Practice makes good!
David

Scott Wigginton
04-01-2009, 7:58 AM
Scott, If I can give you a little advice with your new saw(I have the same)Use wax(parafin wax is good) on the blade, it make it cut more smoothly! I use past bees wax, that I also use on the bottom of my planes, it work realy well!
Practice makes good!
David

David, I buffed on some Minwax Paste Finishing wax (not sure if this is parrafin or bees or something else)

Is a 4" extra slim taper file all I need to get started sharpening?

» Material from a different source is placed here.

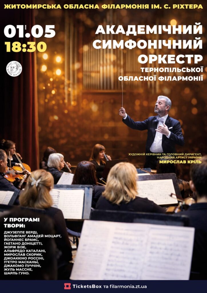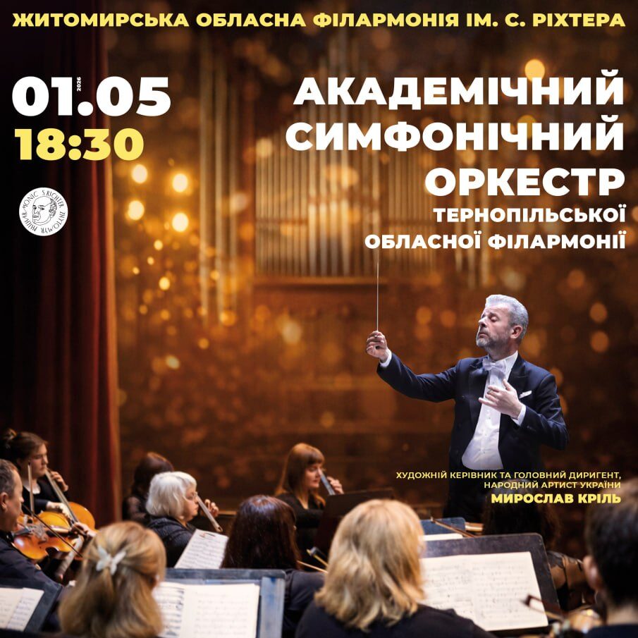 Житомирська обласна філармонія ім. С. Ріхтера запрошує 1 травня о 18:30 на концерт Академічного симфонічного оркестру Тернопільської обласної філармонії під керівництвом народного артиста України Мирослава Кріля.

I hand file my chainsaw regularly when in use (tho not exactly precision work) and have an old cheap backsaw I can get some good practice on before this one needs it.

Thanks

David Gendron
04-01-2009, 12:16 PM
I try to sharpen a panel saw once and did an ok job even if as an arborist I had my share of chain saw sharpening and I think it is a lot different. For a good saw, I almost rather sending it out to sharppen. At least to get the right tooth shape to start with...
I had a saw resharpen by Mark at Thechno primitive and it's amazing how is the difference compare to the one I did sharpen... How ever I want to learn and get better!
David

Zahid Naqvi
04-01-2009, 2:40 PM
Dark side? what dark side? this is the bright side my friend, wait till you see the other side :eek:

Welcome to the club, you will enjoy the tools the more you use them.